**What this task involves:**
The listing below contains a span that opens with the line containing "Dodatkowo do każdego" and closes with the line containing "培训结束后,在校区党工委保卫". Return that span exactly.

#####

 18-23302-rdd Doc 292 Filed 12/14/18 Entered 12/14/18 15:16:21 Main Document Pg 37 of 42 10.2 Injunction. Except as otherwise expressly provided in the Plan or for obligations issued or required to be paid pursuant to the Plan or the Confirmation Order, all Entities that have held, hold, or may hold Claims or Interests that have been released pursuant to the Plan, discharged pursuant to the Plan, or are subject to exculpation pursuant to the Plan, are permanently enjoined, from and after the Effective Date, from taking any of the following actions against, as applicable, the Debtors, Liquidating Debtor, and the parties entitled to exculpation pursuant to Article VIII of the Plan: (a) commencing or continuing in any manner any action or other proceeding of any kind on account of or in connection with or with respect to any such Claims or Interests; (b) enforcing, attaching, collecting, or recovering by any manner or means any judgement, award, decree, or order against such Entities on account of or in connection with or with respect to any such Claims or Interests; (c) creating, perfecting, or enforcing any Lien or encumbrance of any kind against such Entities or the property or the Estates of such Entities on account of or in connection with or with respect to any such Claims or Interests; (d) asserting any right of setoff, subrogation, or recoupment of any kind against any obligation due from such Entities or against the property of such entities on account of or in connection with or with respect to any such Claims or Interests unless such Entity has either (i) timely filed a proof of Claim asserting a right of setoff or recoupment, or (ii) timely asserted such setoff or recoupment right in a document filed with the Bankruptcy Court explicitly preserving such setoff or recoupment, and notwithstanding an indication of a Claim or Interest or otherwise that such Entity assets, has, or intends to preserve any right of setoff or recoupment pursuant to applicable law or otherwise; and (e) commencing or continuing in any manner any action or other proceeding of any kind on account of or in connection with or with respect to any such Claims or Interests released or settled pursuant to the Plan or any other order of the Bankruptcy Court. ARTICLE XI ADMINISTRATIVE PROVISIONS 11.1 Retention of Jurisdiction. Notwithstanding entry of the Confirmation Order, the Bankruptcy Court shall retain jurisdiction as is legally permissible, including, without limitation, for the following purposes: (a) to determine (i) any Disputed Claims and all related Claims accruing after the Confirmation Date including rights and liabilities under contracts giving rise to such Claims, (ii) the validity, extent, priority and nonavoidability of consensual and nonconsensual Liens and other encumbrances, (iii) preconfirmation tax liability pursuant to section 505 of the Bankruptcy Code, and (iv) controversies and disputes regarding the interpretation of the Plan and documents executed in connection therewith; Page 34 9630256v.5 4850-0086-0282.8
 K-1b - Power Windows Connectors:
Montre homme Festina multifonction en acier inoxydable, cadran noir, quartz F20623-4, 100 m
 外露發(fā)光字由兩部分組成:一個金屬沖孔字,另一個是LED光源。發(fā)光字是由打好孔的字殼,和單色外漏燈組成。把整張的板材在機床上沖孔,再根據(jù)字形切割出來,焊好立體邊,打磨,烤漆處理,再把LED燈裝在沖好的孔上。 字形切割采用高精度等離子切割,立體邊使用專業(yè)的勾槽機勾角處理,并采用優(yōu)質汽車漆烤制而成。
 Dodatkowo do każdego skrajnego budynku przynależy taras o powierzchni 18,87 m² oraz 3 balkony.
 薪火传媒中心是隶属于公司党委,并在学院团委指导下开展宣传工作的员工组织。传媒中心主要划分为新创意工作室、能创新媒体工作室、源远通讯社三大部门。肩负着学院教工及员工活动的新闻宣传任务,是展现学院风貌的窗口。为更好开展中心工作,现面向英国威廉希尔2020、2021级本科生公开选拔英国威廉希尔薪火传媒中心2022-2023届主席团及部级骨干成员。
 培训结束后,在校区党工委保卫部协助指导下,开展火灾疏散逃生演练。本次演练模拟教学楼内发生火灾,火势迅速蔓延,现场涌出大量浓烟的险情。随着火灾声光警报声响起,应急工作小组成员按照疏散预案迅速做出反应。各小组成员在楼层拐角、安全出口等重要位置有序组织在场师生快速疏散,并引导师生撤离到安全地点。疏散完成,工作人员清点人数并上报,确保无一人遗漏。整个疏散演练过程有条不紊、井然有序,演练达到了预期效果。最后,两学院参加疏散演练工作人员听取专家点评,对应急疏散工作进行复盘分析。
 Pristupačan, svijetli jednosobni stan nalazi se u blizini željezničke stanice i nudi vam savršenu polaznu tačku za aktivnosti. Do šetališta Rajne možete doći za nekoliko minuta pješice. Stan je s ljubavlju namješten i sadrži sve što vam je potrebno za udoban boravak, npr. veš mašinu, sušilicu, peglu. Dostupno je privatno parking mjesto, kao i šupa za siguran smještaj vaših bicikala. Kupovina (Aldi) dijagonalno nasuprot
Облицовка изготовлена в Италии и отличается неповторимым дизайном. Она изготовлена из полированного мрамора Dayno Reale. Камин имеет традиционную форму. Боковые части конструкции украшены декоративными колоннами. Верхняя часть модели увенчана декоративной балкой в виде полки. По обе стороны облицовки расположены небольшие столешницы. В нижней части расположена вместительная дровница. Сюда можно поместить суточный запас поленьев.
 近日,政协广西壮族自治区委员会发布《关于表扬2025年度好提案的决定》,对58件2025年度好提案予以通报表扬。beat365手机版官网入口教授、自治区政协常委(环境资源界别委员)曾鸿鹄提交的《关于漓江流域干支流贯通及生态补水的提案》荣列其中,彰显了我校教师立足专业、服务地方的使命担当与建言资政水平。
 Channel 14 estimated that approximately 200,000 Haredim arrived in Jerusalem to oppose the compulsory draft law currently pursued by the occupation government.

#####

**Answer to the problem:**
 Dodatkowo do każdego skrajnego budynku przynależy taras o powierzchni 18,87 m² oraz 3 balkony.
 薪火传媒中心是隶属于公司党委,并在学院团委指导下开展宣传工作的员工组织。传媒中心主要划分为新创意工作室、能创新媒体工作室、源远通讯社三大部门。肩负着学院教工及员工活动的新闻宣传任务,是展现学院风貌的窗口。为更好开展中心工作,现面向英国威廉希尔2020、2021级本科生公开选拔英国威廉希尔薪火传媒中心2022-2023届主席团及部级骨干成员。
 培训结束后,在校区党工委保卫部协助指导下,开展火灾疏散逃生演练。本次演练模拟教学楼内发生火灾,火势迅速蔓延,现场涌出大量浓烟的险情。随着火灾声光警报声响起,应急工作小组成员按照疏散预案迅速做出反应。各小组成员在楼层拐角、安全出口等重要位置有序组织在场师生快速疏散,并引导师生撤离到安全地点。疏散完成,工作人员清点人数并上报,确保无一人遗漏。整个疏散演练过程有条不紊、井然有序,演练达到了预期效果。最后,两学院参加疏散演练工作人员听取专家点评,对应急疏散工作进行复盘分析。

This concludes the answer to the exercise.